Plus de 30 fonctionnaires de police mobilisés

Arrive à 5h30 du matin un officier de police judiciaire venu faire des auditions jusqu’à 6 h. Il nous interpelle d’un air narquois : « Alors je m’occupe de qui ? Je ne vais pas avoir beaucoup de temps ». Je prends la responsabilité de lui répondre calmement : « Si cela vous convient vous pourriez nous auditionner tous les quatre car cela va aller vite étant donné que mes camarades et moi-même n’avons rien à déclarer. »

Le visage se tend, il reprend : « Donc vous vous êtes ceux qui agissent mais n’assument pas leur acte et n’ont pas de parole ? » S’en suit un échange extrêmement tendu où on explique tour à tour les conditions de notre garde à vue, le ridicule de notre interpellation, le soutien de la plupart de ses collègues quant à la légitimité de notre action et la stupidité de l’acharnement à notre encontre. Il cherchera du soutien auprès des fonctionnaires autour de nous, en vain. Bref, il s’agace et invite deux d’entre nous à le suivre dans son bureau.

Le lendemain, après avoir tenté de fermer les yeux malgré la lumière aveuglante en permanence fixée sur vous, l’odeur nauséabonde qui habite votre cellule, on ne sait rien de ce qu’il se passe. Pourtant les soutiens à l’extérieur s’activent, un rassemblement est annoncé, des articles de presse titrent à propos du placement en garde de vue de « huit militants d’Attac et d’EELV » et l’indignation se diffuse.

Après 15 heures pour certains, 17 heures pour d’autres, 21 heures pour le dernier, les huit dangereux colleurs d’autocollants sont relâchés et écopent d’un « rappel à la loi ». Après avoir mobilisé plus de 30 fonctionnaires de police, quatre véhicules, des heures de travail, deux commissariats, deux magistrats, nous sommes ressortis libres.
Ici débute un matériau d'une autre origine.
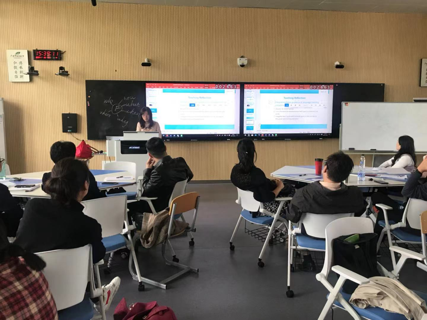 专业英语教研室张艳博士教学基本功参赛示范课观摩活动 发布时间:2021-10-22 11:10:32 浏览次数: 次 【字体:小 大】 10月22日下午,外语部专业英语教研室全体成员在部门领导的组织和带领下在教学楼智慧教室参加了本教研室成员张艳老师的教学基本功参赛示范课观摩活动,为张艳老师参加第六届全国高等院校英语教师教学基本功大赛进行赛前的同行评议。大家认真参与张艳老师的说课活动,针对张艳老师在说课过程中存在的一些不足提出了各种意见和建议,外语部主任陈立群肯定了此次教学观摩活动的重要性,建议张艳老师积极听取大家的意见和建议,争取在比赛中有更好的表现,赛出好成绩。 分享到: 【打印正文】

Pas de condamnation des pratiques des banques

Une chose est sûre, messieurs Oudéa (PDG de la Société générale qui a menti devant une commission d’enquête du Sénat sur l’activité de la banque au Panama), Jean-Laurent Bonnafé (PDG de la BNP Paribas, banque championne de l’évasion fiscale en France), Philippe Brassac (PDG du Crédit agricole, et spécialiste du « greenwashing ») et John M. Flint (PDG d’HSBC banque impliquée auprès du narcotrafic mexicain et qui prévoit de transférer son siège mondial à Paris grâce aux multiples invitations et tentatives d’attrait d’Emmanuel Macron), ont tous probablement passé une nuit agréable jeudi 13 septembre. Une nuit où il n’a pas été question pour eux de remettre en cause leurs pratiques irresponsables, tant sur l’évasion fiscale massive, que sur les investissements dans les énergies fossiles. Ces pratiques immorales, aux conséquences sociales et écologiques désastreuses, sont rendues possibles grâce à la complaisance de nos gouvernants et en premier lieu celle de leur semblable : Emmanuel Macron.

En plus d’aller chercher l’argent là où il se trouve, de s’attaquer sérieusement au fléau que constitue l’évasion fiscale pour nos sociétés, il serait salutaire d’éviter de dépenser les ressources publiques pour tenter de dissuader des mobilisations citoyennes qui interpellent sur un problème majeur de notre société.

Une interrogation en plus doit nous habiter : en tant qu’individu blanc, éduqué, disposant de moyens financiers, connaissant — plus ou moins — ses droits, parlant et comprenant parfaitement la langue française, pouvant compter sur des réseaux de soutiens, quand on constate la difficulté à se remettre d’un épisode quasi-traumatisant que constitue une garde à vue, notre devoir est d’agir et de soutenir celles et ceux qui se retrouvent dans cette même situation mais ne bénéficient absolument pas des mêmes égards que nous.

Alexis Chaussalet

* Les noms des personnes ont été volontairement modifiés.